ABOUT THIS TASK: Up to and including the line that holds "Beige bag by", copy every line of the records below exactly, starting at the first; leave pictures out.

(PROVIDED RECORDS Opens)

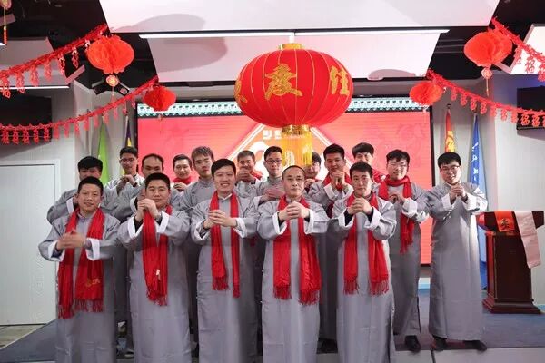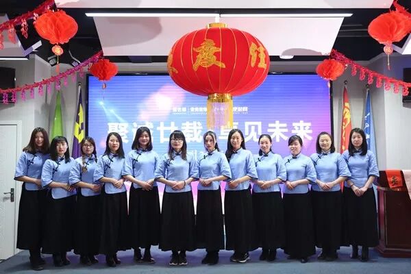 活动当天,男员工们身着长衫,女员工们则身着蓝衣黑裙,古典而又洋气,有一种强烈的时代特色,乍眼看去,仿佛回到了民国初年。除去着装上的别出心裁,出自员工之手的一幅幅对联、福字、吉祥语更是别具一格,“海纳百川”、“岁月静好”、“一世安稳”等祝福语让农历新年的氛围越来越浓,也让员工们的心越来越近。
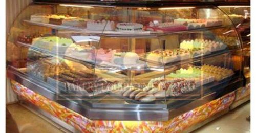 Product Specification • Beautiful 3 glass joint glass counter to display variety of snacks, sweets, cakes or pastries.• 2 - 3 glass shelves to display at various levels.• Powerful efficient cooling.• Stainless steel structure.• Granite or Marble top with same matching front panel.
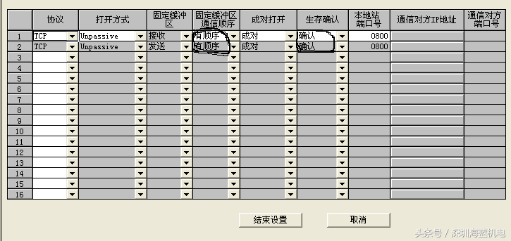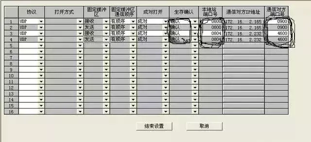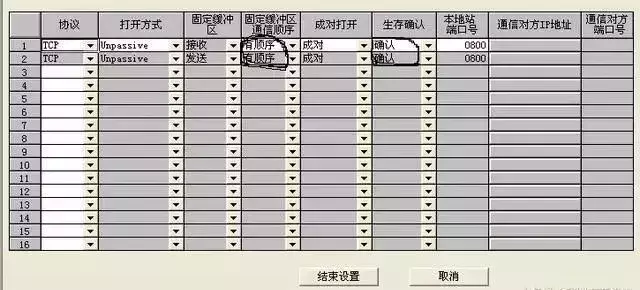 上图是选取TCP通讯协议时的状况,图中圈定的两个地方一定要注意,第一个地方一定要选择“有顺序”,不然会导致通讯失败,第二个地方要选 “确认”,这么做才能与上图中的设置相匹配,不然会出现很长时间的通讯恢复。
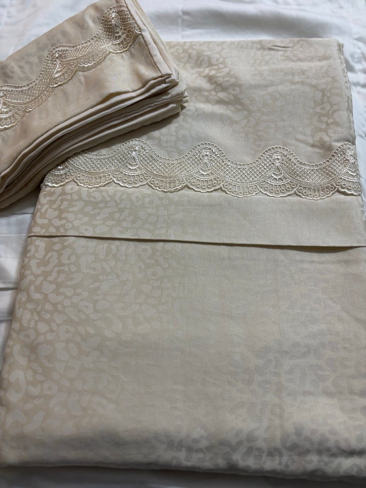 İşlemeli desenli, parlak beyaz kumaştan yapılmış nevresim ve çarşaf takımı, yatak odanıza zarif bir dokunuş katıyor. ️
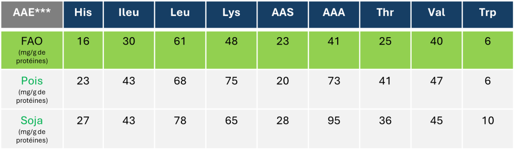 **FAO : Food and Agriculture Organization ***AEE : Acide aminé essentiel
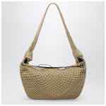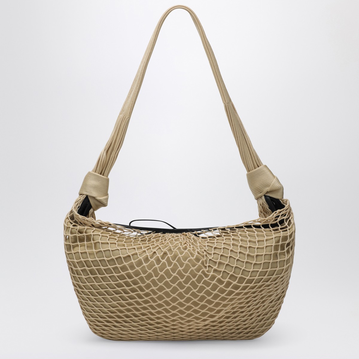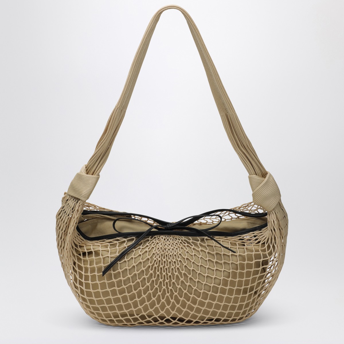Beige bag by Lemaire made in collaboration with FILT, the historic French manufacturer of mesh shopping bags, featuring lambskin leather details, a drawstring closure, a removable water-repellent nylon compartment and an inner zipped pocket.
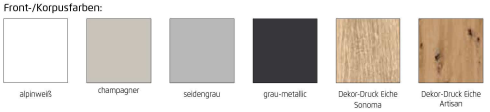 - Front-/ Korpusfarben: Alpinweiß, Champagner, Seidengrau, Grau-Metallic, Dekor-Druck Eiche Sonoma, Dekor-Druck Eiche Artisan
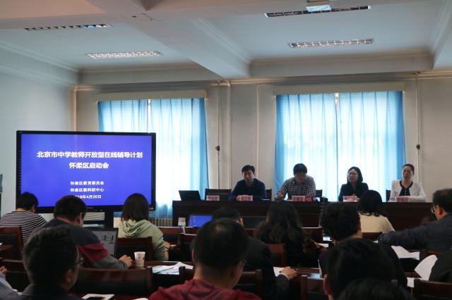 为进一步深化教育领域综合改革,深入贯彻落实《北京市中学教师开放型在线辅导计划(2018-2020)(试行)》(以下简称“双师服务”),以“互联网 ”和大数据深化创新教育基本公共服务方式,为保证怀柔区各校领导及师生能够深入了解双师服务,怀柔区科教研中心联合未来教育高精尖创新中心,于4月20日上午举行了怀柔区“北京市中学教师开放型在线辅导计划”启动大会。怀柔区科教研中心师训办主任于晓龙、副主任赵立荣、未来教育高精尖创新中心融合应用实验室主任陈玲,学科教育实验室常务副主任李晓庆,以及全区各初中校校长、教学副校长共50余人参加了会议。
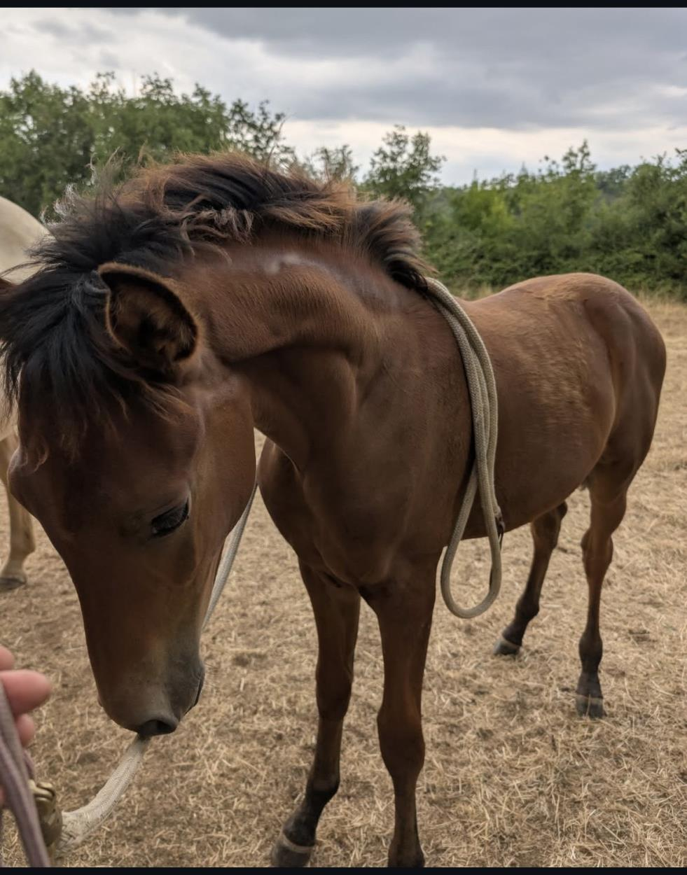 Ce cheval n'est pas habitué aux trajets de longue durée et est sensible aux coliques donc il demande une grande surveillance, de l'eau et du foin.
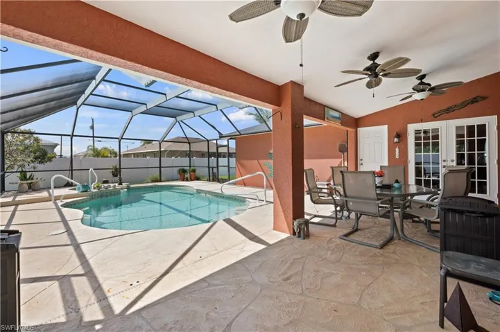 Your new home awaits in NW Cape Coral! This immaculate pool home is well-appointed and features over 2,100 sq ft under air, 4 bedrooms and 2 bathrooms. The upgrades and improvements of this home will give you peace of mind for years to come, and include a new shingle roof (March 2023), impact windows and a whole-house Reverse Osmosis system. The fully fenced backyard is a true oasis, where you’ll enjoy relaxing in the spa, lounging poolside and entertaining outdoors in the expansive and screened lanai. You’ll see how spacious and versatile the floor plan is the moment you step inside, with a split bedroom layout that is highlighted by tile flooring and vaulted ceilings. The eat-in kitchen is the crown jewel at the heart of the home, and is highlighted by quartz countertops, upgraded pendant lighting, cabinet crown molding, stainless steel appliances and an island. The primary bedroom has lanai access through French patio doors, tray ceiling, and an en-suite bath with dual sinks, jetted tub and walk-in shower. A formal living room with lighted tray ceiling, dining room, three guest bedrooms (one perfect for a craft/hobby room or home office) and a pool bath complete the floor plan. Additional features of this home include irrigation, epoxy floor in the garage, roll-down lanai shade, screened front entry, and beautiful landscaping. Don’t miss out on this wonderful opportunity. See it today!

(PROVIDED RECORDS Closes)

RESULT OF THIS EXERCISE:
 活动当天,男员工们身着长衫,女员工们则身着蓝衣黑裙,古典而又洋气,有一种强烈的时代特色,乍眼看去,仿佛回到了民国初年。除去着装上的别出心裁,出自员工之手的一幅幅对联、福字、吉祥语更是别具一格,“海纳百川”、“岁月静好”、“一世安稳”等祝福语让农历新年的氛围越来越浓,也让员工们的心越来越近。
 Product Specification • Beautiful 3 glass joint glass counter to display variety of snacks, sweets, cakes or pastries.• 2 - 3 glass shelves to display at various levels.• Powerful efficient cooling.• Stainless steel structure.• Granite or Marble top with same matching front panel.
 上图是选取TCP通讯协议时的状况,图中圈定的两个地方一定要注意,第一个地方一定要选择“有顺序”,不然会导致通讯失败,第二个地方要选 “确认”,这么做才能与上图中的设置相匹配,不然会出现很长时间的通讯恢复。
 İşlemeli desenli, parlak beyaz kumaştan yapılmış nevresim ve çarşaf takımı, yatak odanıza zarif bir dokunuş katıyor. ️
 **FAO : Food and Agriculture Organization ***AEE : Acide aminé essentiel
Beige bag by Lemaire made in collaboration with FILT, the historic French manufacturer of mesh shopping bags, featuring lambskin leather details, a drawstring closure, a removable water-repellent nylon compartment and an inner zipped pocket.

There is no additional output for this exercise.